Taxes incitatives : le trafic d’indulgences est-il utile ?

Point de vue du 11 décembre 2020

La question des « taxes incitatives » a le vent en poupe dans la Berne fédérale. Les politiciens de gauche-écologistes, les organisations environnementales et même certains scientifiques y voient l’arme ultime pour réduire la consommation de produits phytosanitaires, d’aliments fourragers ou d’engrais de synthèse. Que sont exactement des taxes incitatives ? La taxe sur les billets d’avion en est un exemple classique. Comme l’essor du trafic aérien nuit à l’environnement, un renchérissement artificiel est censé inciter les gens à se tourner vers des moyens de transport plus écologiques. L’impôt sur le tabac, c’est en fait aussi une taxe incitative. Le sujet n’est pas nouveau dans l’agriculture. Depuis les années 1990, une poignée de pays européens ont introduit ces taxes, avec un succès très mitigé. Le Danemark, pourtant souvent cité en exemple, s’est vu contraint de revoir sa taxe de fond en comble à plusieurs reprises, et même de procéder à un relèvement massif de celle-ci.
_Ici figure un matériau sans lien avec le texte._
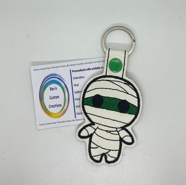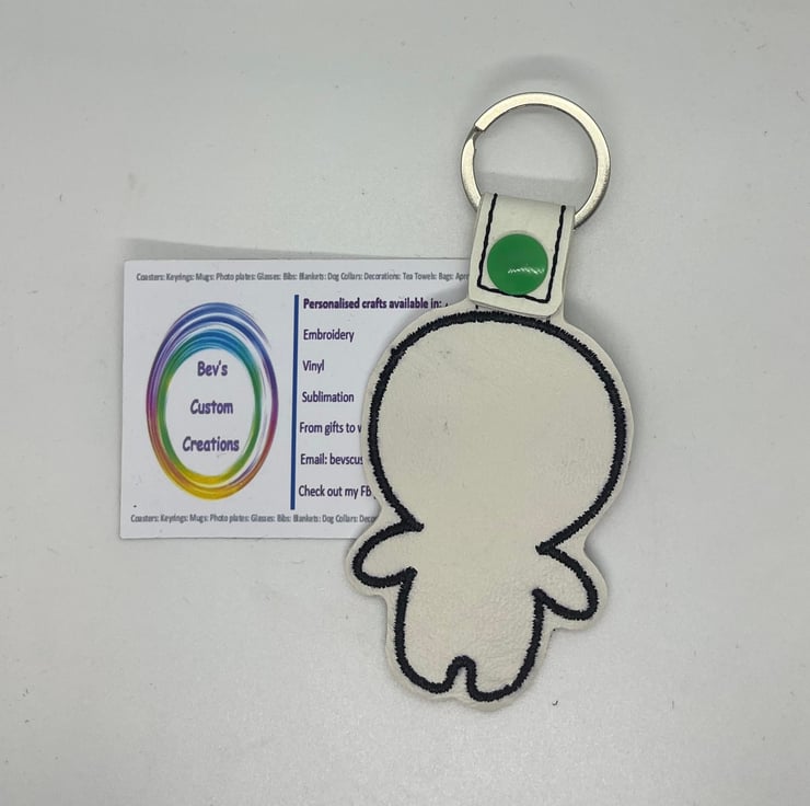 Marine vinyl makes the keyring shower proof. The design is on the front only and the back is plain.

Bien que la somme rondelette de 85 millions de francs (2016) vienne alimenter les caisses de l’État, les quantités de produits phytosanitaires utilisées sont à nouveau en hausse depuis 2005. Pourquoi ? La taxe a notamment conduit à une situation où la quasi-totalité des herbicides encore utilisés regroupait ceux nécessitant les dosages d’application les plus faibles. Les adventices ont alors développé des résistances en peu de temps. Dans le cas de l’azote, des objectifs de réduction trop ambitieux et des taxes incitatives ont poussé à des apports en fertilisants inférieurs aux besoins réels des cultures. En conséquence, les teneurs en protéines des céréales panifiables se sont effondrées. En 2014, la teneur moyenne en protéines du blé danois s’élevait à 8 %. À titre de comparaison : en Suisse, un taux inférieur à 12,8 % donne lieu à une déduction de prix et, en dessous de 11,5 %, des meuniers n’hésitent pas à déclasser le blé panifiable en céréales fourragères, parce qu’il ne se prête plus à la fabrication du pain. Aujourd’hui, le Danemark dépend d’importations de blé de qualité. Les taxes incitatives sont donc loin de servir de panacée, même si elles sont en vogue dans certains milieux. Nous ne devons pas forcément commettre les mêmes erreurs que d’autres pays. La quantité de produits phytosanitaires vendus dans l’agriculture raisonnée diminue d’année en année. Elle a reculé de plus de 40 % depuis 2008. Dans le cas du glyphosate, la baisse dépasse même 60 %.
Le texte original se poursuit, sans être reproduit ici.